Emcduck
Playlist Author
While the ears are a marvelous thing, as a scientist, I would suggest that something a bit more objective rather than subjective would be needed. There is such a wide range of hearing that five people in a room won't hear exactly the same thing. So I would rather see a comparison done using software that can capture waveforms, and time points. That would give a better and more reliable result than ears. I would also 'argue' that you would need to have more of a difference than the first few bars sounding slightly different to call it a different version.Tried burning to CD and playing on my Hi-Fi, headphones and PC and I honestly can't hear a difference.

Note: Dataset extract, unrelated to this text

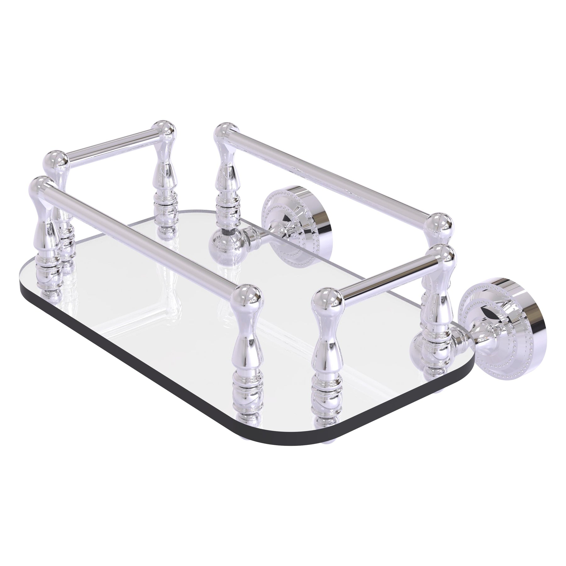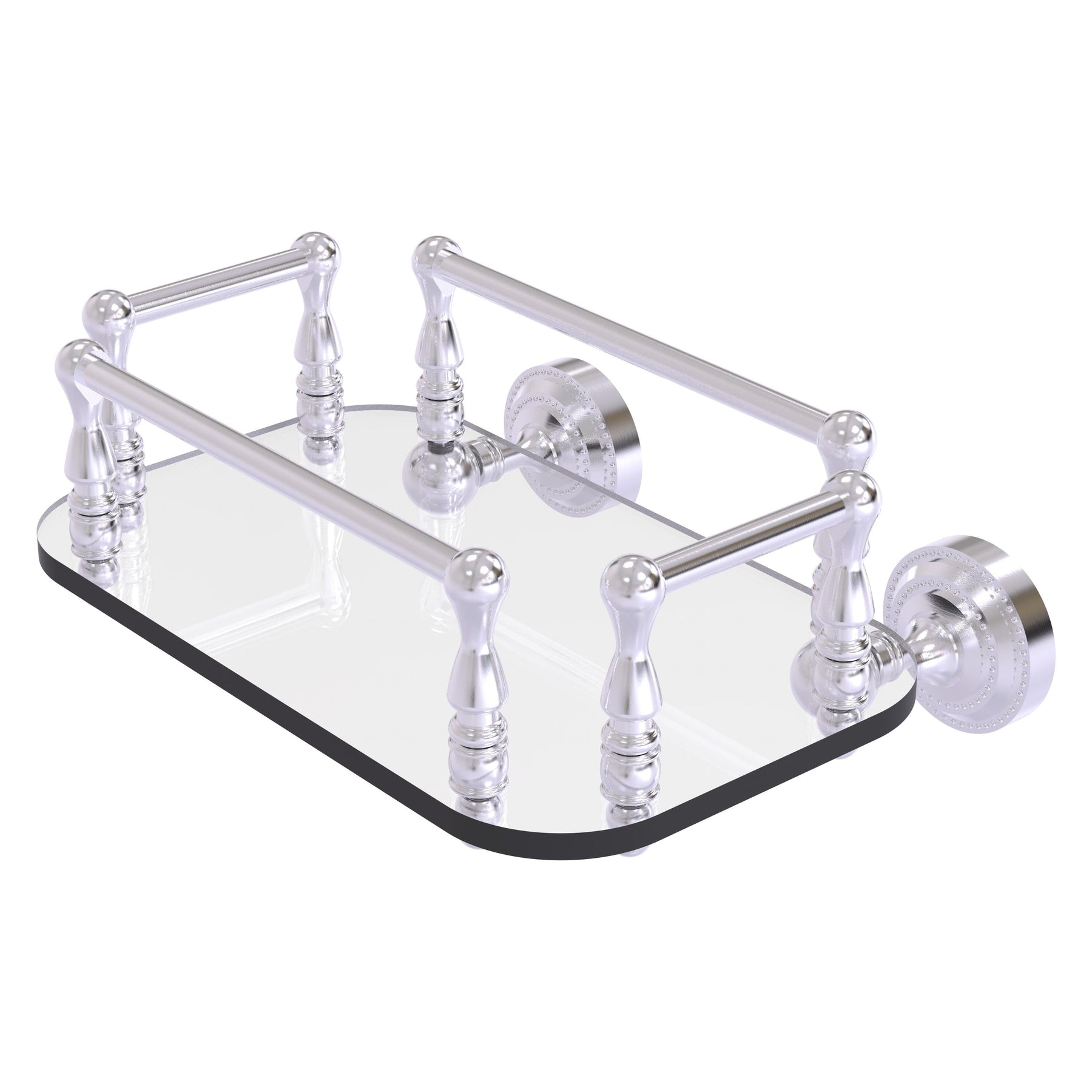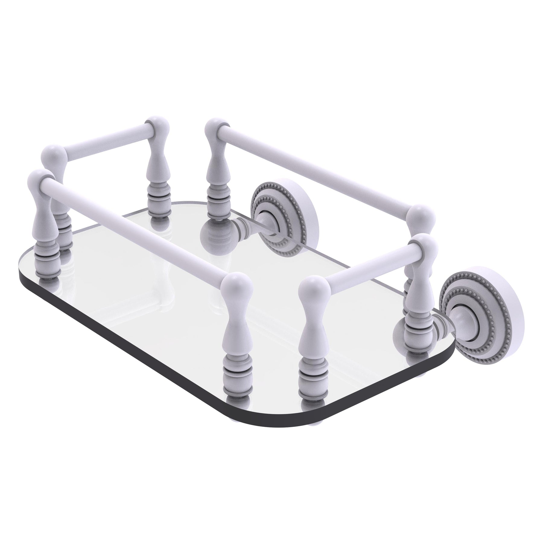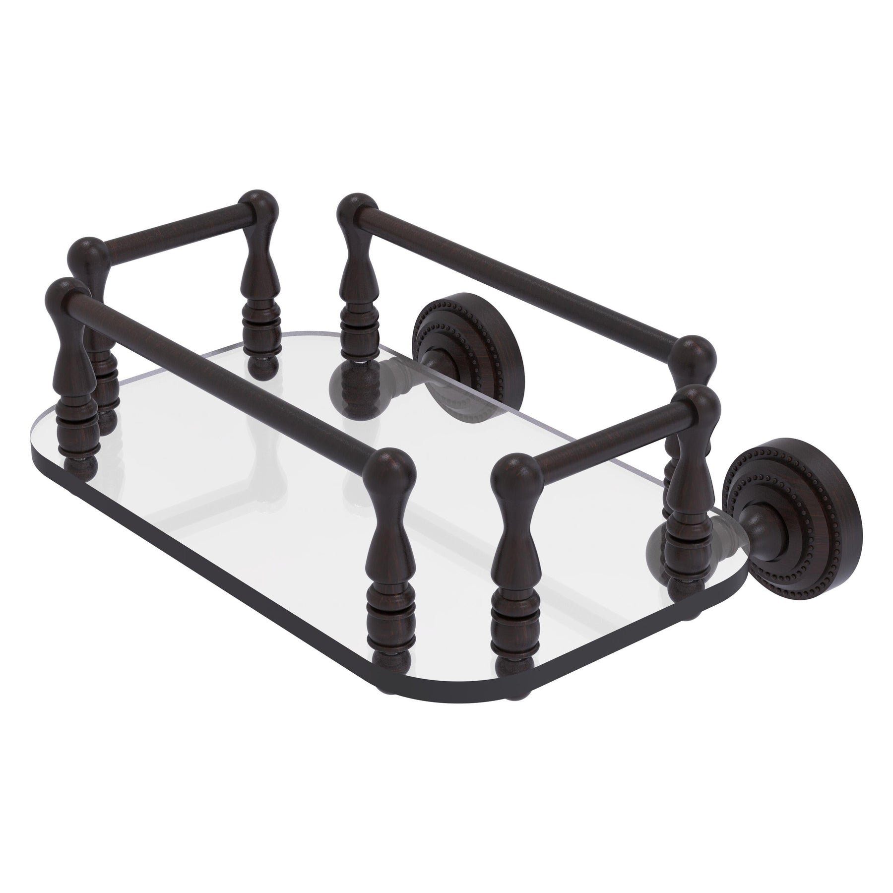 Elegant wall-mounted tray with solid brass rails and a clear glass base to hold guest towels or a tissue box. Concealed-screw installation delivers a clean look while the corrosion-resistant designer finish ensures long-lasting performance.

I would support the position that it would not be a new track based solely on recording format. The original was the same.So, one may ask, would a track issued on vinyl (with all the limitations) be regarded as a new track if released on CD with all the improved quality that brings.

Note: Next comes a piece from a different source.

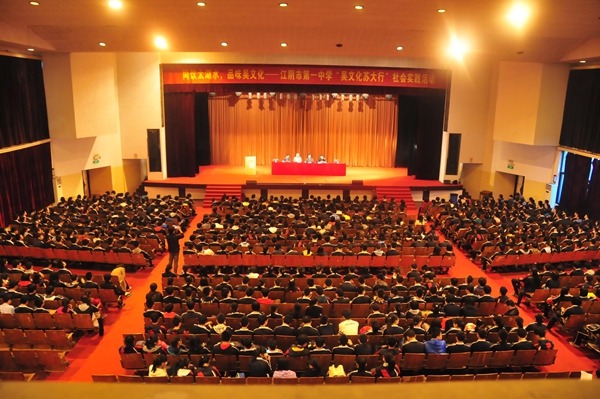 3月29日,江阴市第一中学“同饮太湖水,品味吴文化——吴文化苏大行”社会实践活动在我校存菊堂顺利开展。江阴市第一中学高一年级700多名师生参加了此次活动。实践活动特意邀请了我校吴文化研究中心副主任、博士生导师周可真教授作了有关吴文化的讲座。江阴市第一中学校长蒋志远、我校招生就业处副处长翟惠生参加了此次活动。活动由江阴市第一中学高一年级部顾建军部长主持。

Supporting the idea that it would be a new recording would be a bit like saying that even the parks are not using the same recordings any longer. look at Pirates of the Caribbean, the original recordings were not made directly to a digital recorder. Yet each sound effect, each song, is now stored on chips on the Disney computer system. So we would be calling that a separate recording too, when obviously they are not. Or even saying that once I have ripped as song to my computer it is now different, and when it goes onto my i Pod, it is different again.
I believe that changes would need to be intentional, something that a sound engineer would need to make a conscious effort to change. Something that changes the song itself.